* **SUPPLIED INFORMATION**
++++++++
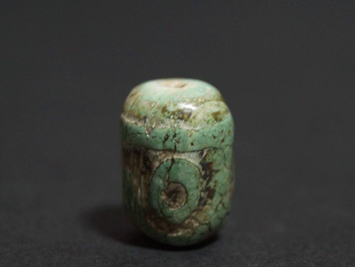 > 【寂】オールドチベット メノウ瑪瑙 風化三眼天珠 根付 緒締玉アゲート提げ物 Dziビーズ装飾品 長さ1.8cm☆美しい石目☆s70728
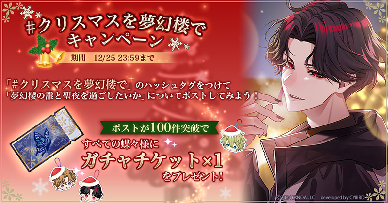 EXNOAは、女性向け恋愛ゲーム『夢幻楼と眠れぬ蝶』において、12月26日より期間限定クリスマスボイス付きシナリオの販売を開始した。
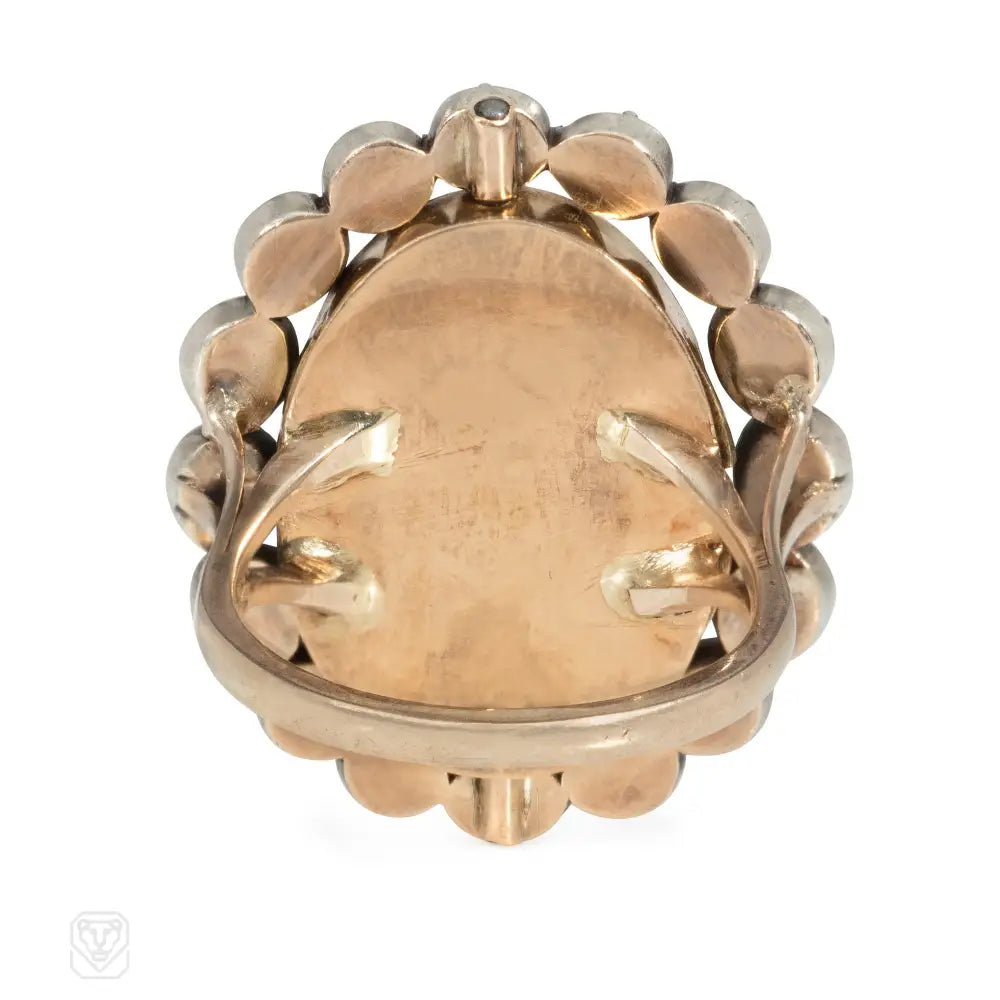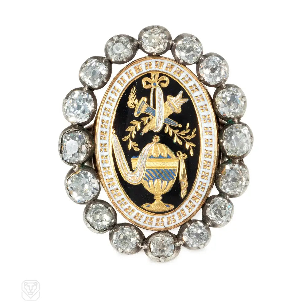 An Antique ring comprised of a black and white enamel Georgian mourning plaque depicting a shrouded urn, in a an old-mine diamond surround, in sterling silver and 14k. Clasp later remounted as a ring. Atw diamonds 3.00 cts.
++++++++
Restate all of the material above word for word. Pictures do not belong in it.

* **ANSWER TO THIS PROBLEM**
 > 【寂】オールドチベット メノウ瑪瑙 風化三眼天珠 根付 緒締玉アゲート提げ物 Dziビーズ装飾品 長さ1.8cm☆美しい石目☆s70728
 EXNOAは、女性向け恋愛ゲーム『夢幻楼と眠れぬ蝶』において、12月26日より期間限定クリスマスボイス付きシナリオの販売を開始した。
 An Antique ring comprised of a black and white enamel Georgian mourning plaque depicting a shrouded urn, in a an old-mine diamond surround, in sterling silver and 14k. Clasp later remounted as a ring. Atw diamonds 3.00 cts.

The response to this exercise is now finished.